> [Data excerpt]:
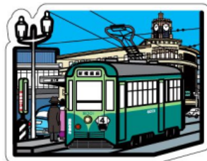
1957（昭和 32）年頃の都電と銀座四丁目 フォルムカード
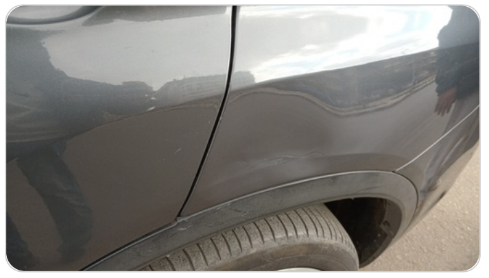
الرفرف الخلفي شمال : فبريكة (خبطات)
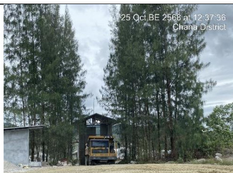
รูป 9 การปิดคลุมปากไม่แรกและรบรรทุกหิน

> [Assignment]: Omit the pictures, then set down all the remaining data exactly as given.

> [Exercise answer]:
1957（昭和 32）年頃の都電と銀座四丁目 フォルムカード
الرفرف الخلفي شمال : فبريكة (خبطات)
รูป 9 การปิดคลุมปากไม่แรกและรบรรทุกหิน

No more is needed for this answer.